Why Trump’s Convention Will Be Purely Negative
In 1992, at the GOP national convention, Patrick Buchanan declared, “There is a religious war going on in this country. It is a cultural war, as critical to the kind of nation we shall be as was the Cold War itself, for this war is for the soul of America.”
It was a bone-chilling call to fascism. If you were in the hall in Houston, your hair stood on end. It was a terrifying vision and it backfired: by November, Bill Clinton and Al Gore had won that war. And the rabid forces Buchanan had set loose went into hibernation for 24 years as “regular” Republican and Democratic administrations governed in Washington.
Then came Donald Trump in 2016, who — tapping into those racist, misogynist, xenophobic and authoritarian impulses that had been tamped down all those years — eeked out a win in the Electoral College by the narrowest of margins in Wisconsin, Michigan and Pennsylvania, setting loose the screeching, flying monkeys, snarling beasts and poisonous insects that had been stashed away in America’s Pandora’s Box.
Principled conservatives — those who believe in freedom, personal responsibility, free markets, protection of American interests and government by compromise and negotiation – have fled the Republican Party, leaving it hollowed out of ideas and dedicated only to the adoration and preservation of its leader. That is who will rally tonight and throughout the week.
Donald Trump will speak all four nights but not as president. Joe Biden stole that platform from him last week with a remarkable presidential address at the DNC, in which he flipped the narrative, turning himself into the incumbent and Trump into the challenger.
Trump – although he has been in the White House for three-and-a-half years – has been reduced to gripe, grievance and whinge while Biden is laying out purpose, program and possibilities. Trump’s party has literally abandoned is platform, replacing it with a manifesto for the pitchfork brigade that seeks only to crush the liberals, infuriate the news media and exult the loose-screw conspiracies of Qanon.
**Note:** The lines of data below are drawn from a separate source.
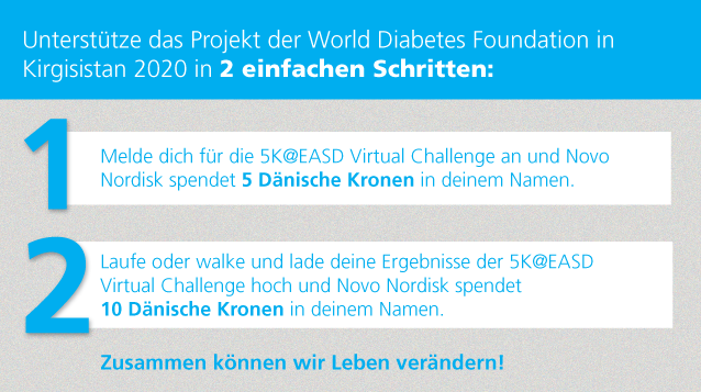 5K@EASD Lauf/Walk um Diabetes zu verändern ![]() Mach mit bei der 5K@EASD Virtual Challenge von 19. bis 23. September 2020 – du kannst jederzeit von überall loslaufen! Die 5K@EASD Virtual Challenge verbindet Leute auf der ganzen Welt und zeigt im Namen der EASD auf, wie wichtig körperliche Aktivität für die Vermeidung von Diabetes ist. Als TeilnehmerIn der 5K@EASD Virtual Challenge hat man die Möglichkeit, das öffentliche Bewusstsein für einen gesunden und aktiven Lebensstil für die Vermeidung und Kontrolle von Diabetes zu stärken. Dank der kontinuierlichen Unterstützung von Novo Nordisk ist die 5K@EASD Virtual Challenge kostenlos für alle Teilnehmerinnen und Teilnehmer. Mach den ersten Schritt für ein gesünderes Leben: 2020 feiern wir das 15. Jubiläum der Unterstützung von Novo Nordisk für den 5K@EASD! Um auch dieses Jahr auf Diabetes aufmerksam zu machen, laden wir alle Wienerinnen und Wiener ein, in ihrer Heimatstadt zu laufen oder zu walken! Die Teilnahme ist kostenlos für alle Registrierten. Die Registrierung ist verpflichtend für die Teilnahme an der 5K@EASD Virtual Challenge. Zur Feier des 15. Jubiläums, möchte Novo Nordisk alle Teilnehmerinnen und Teilnehmer motivieren, das Projekt der World Diabetes Foundation (WDF) 2020 in Kirgisistan zu unterstützen. Die Einnahmen dieser WDF Initiative kommen zu 100% dem WDF Kirgisistan Projekt 2020 zugute. Novo Nordisk spendet im Namen der ersten 10.000 angemeldeten Teilnehmer und Finisher. Weitere Informationen zum Projekt findest du hier.
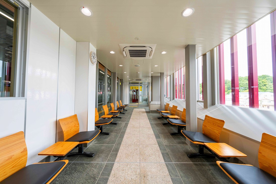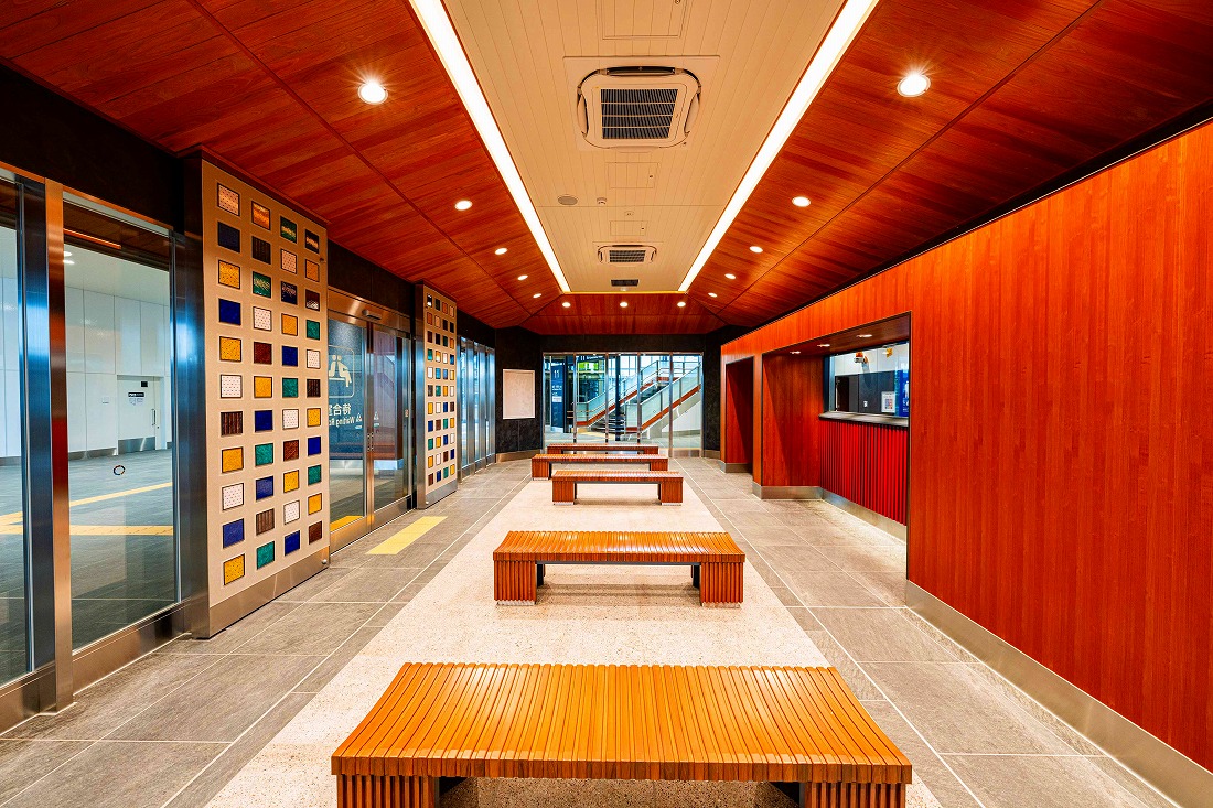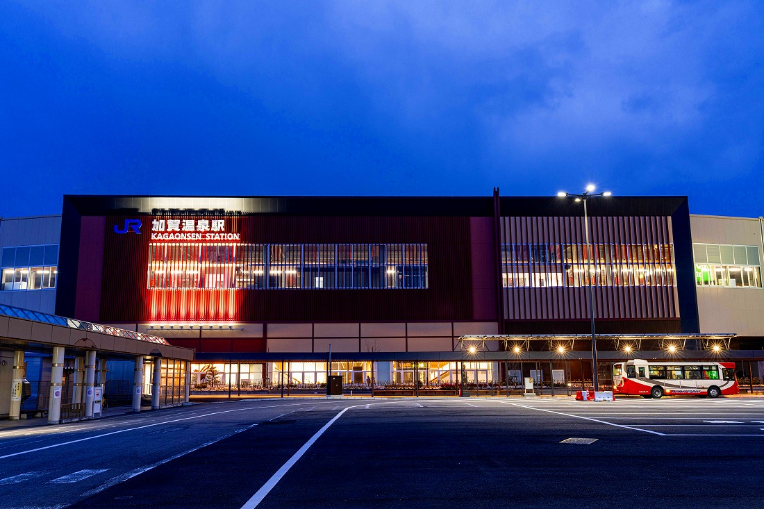 加賀温泉駅は県南温泉街への玄関口であり、南口駅前広場に旅館送迎バスが待機できる大型駐車場が整備されている。また北側に併設する在来駅には柵外コンコースに併設した通路から乗換えが可能となっている。デザインとしては、紅殻格子をイメージした縦ルーバー、赤瓦や県産木材を活用し、風情と歴史と感じさせ、地域に愛される駅を目指した。
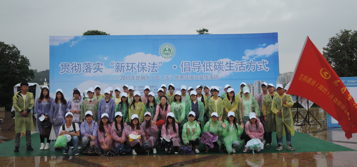 beat365官网积极参与协办,在学校美艺学院的支持下,滇合中心组织该院47名团员学生参加了在呈贡新区洛龙公园举办的昆明市“六•五”世界环境日宣传活动。
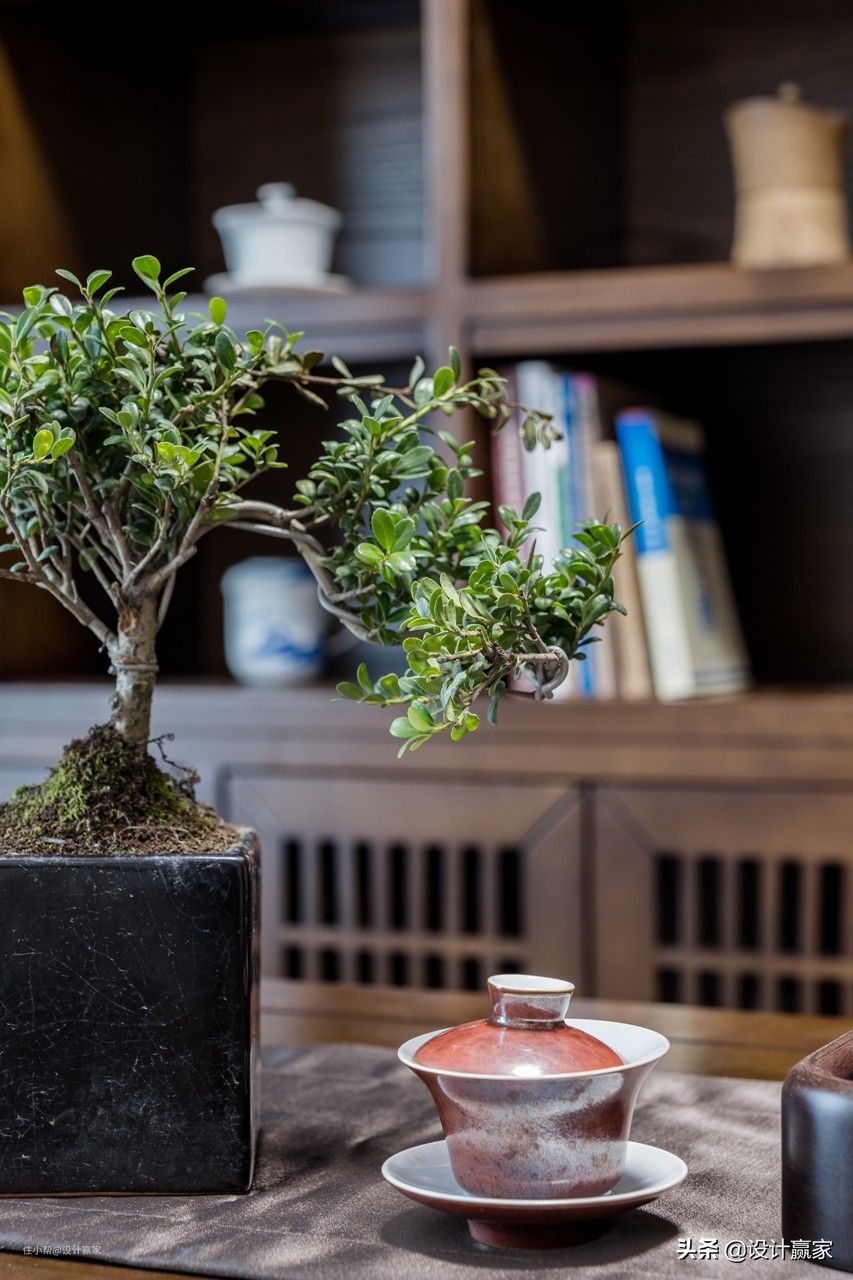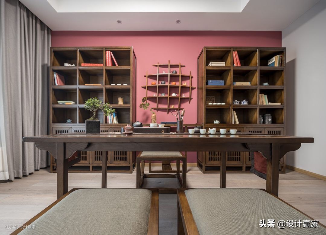 两个并排的展示柜摆放着有关茶文件的书籍和器件,中间凸出墙面渐隐的展示架陈设的是各种喝茶的器皿,空间中不时还飘来阵阵的茶香,像是业主早早泡好的茶一般。

Trump has proved he will not or – as the malignant narcissist that he is – cannot expand his base of voters. All that is left as a strategy is to reduce the overall vote and the Biden-Harris vote in hopes of turning his 40-45% base into a majority in the Electoral College. Trump cannot add; he can only subtract.
Pat Buchanan’s culture war is upon us but this time without the deep-seeded principles that guided Buchanan himself. This time is it just a bloody pitched battle between decency and indecency.